**GIVEN DATA:**
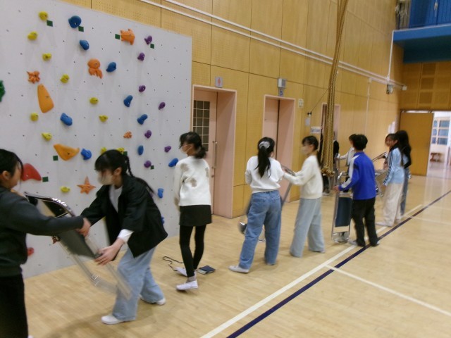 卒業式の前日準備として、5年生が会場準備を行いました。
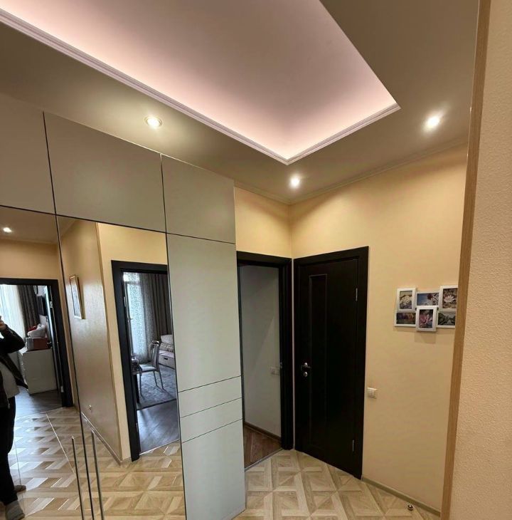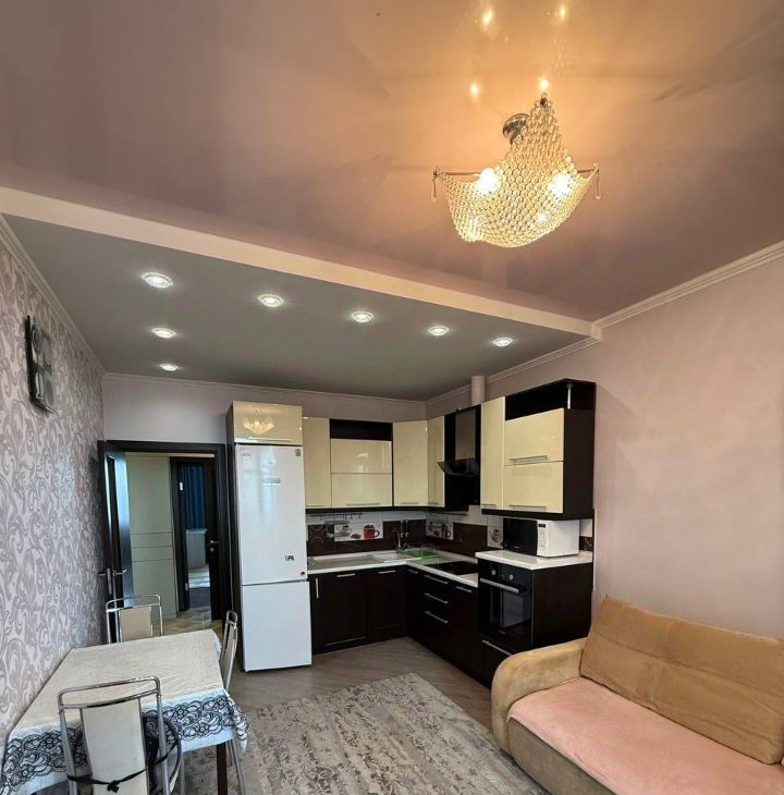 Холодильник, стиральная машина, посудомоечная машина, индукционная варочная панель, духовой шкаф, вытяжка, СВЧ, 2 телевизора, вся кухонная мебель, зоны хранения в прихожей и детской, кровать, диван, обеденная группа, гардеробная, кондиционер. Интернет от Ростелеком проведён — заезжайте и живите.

---

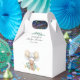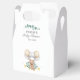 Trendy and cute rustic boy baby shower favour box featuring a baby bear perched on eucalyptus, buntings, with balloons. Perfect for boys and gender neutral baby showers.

**WHAT YOU SHOULD DO:** Give exactly the lines above that run from the line with "卒業式の前日準備として、5年生が会場準備を行いました。" to the line with "Холодильник, стиральная машина, посудомоечная", both included, leaving every picture out.

**ANSWER TO THIS PROBLEM:**
 卒業式の前日準備として、5年生が会場準備を行いました。
 Холодильник, стиральная машина, посудомоечная машина, индукционная варочная панель, духовой шкаф, вытяжка, СВЧ, 2 телевизора, вся кухонная мебель, зоны хранения в прихожей и детской, кровать, диван, обеденная группа, гардеробная, кондиционер. Интернет от Ростелеком проведён — заезжайте и живите.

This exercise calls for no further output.